Tuesday, March 11, 2014




Luciano Maggiore - Onagro

Gunnar Lettow/Gregory Büttner - Flakes

Amptext - Seeds of Erasure

This trio of 3" releases from 1000füssler arrived together and, though doubtless not intended this way, their relative (by no means great) self-similarity makes it difficult not to hear them as a kind of a suite, and an excellent one at that, all three being very enjoyable.

Maggiore's "Onagro" consists of six brief pieces comprised of field recordings, though sounding more like amplifications inside a burning Cd player, all delicate crackles, sometimes with regular iterations as of some mechanical revolutions, but also sounding as though embedded in a wider atmosphere, a haze of just discernible noises in the background. Wonderful stereophony in play here; situating one's ears between speakers is a giddy joy. The sounds vary in timbre--lower knocking ones, hollow ping-pongy ones--but the activity level is similar, active but very natural sounding, as some highly mic'd goings on in a garden, though perhaps an artificial one. Fascinating, capable of being listened to over and over.

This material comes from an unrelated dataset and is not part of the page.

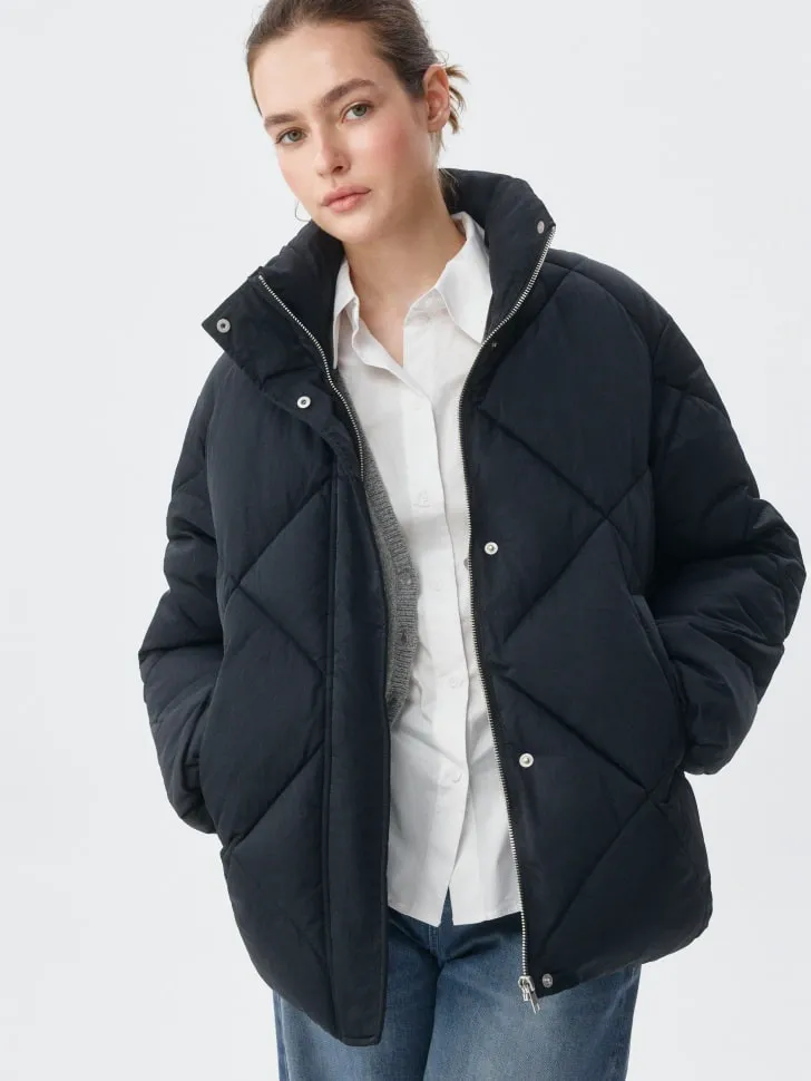 Стёганая оверсайз куртка с высоким воротником, арт. 11723

"Flakes", two tracks from Lettow and Büttner, almost seems like a fuller, denser variation on "Onagro", although entirely unrelated. Fashioned with multiple objects and instruments, including fans, the listener is once more plunged into a quite palpable sound-world, a-boil with movement, one's ears caroming inside a more closed area, the noises a bit more oppressive. Growls, thrums, deep ratcheting--a general sense of darkness prevails, especially in the first cut, "Greyish". The other, "Ocher", is just barely lighter, airier, still twittering with all sorts of vaguely malevolent creatures. Rough and tumble, as harsh as need be, brooding and altogether fine.

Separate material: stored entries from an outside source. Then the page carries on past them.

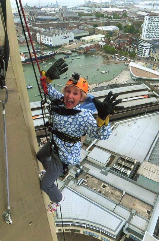 Producer Jan Hunt caught relaxing - performing a charity abseil down The Spinnaker Tower in Portsmouth to raise money for The Royal Marsden Hospital! |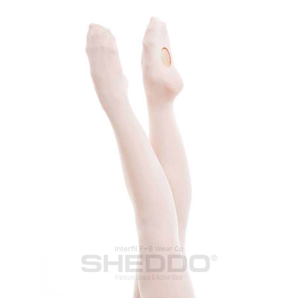 This pair of easily convertible ballet tights, add both style and practicality. Made by excellent quality Microfibra (85% Polyamide & 15% Elastane), unlike the regular footed tights, the small hole at the bottom of the foot allows you to pull them up over the ankle, converting them to footless tights. It is stretchy and elastic, so you can open it wide enough to pull the foot through, but it stays tight and encloses the foot providing cover and flexibility.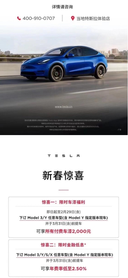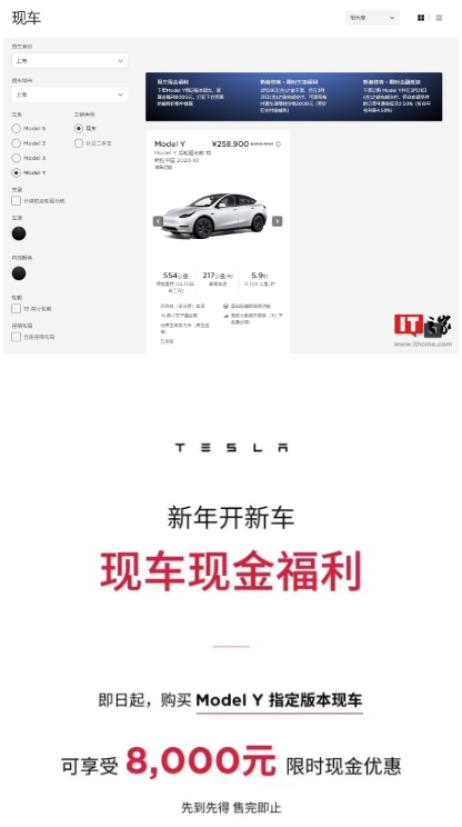 此外,特斯拉官網更新,現推出了“新春驚喜”活動,購買特定版本 Model Y 現車可獲得現金優惠 8000 元,而且還能花 2000 元選配剛推出的“快銀”等新車漆。

Amptext is cellist Gary Rouzer's affair and this imaginary suite full circle, quite beautifully. He also uses a set of fans (air conditioner variety) for the first piece, recorded and set through a complicated series of transformations, including a final recording of four other recordings played at staggered start times. However arrived at, the result is pretty stunning, an expanse of hisses, wheezes, squeaks, rumbles and the odd roar that's totally enveloping, somehow evoking the natural world and its fauna. The title cut involves placing two unrelated pieces side by side and then "erasing sections to expose any narrative flow that might be hidden". I like that idea...The cello is more prominent here (I think it appears on the first piece, unless there are some cello-like fans) heard against an abstract slate of rubbings and soft abrasions, emerging and disappearing. Another excellent work.

Had I to choose, the Amptext would be my pick, but each is very fine. Why not collect the set?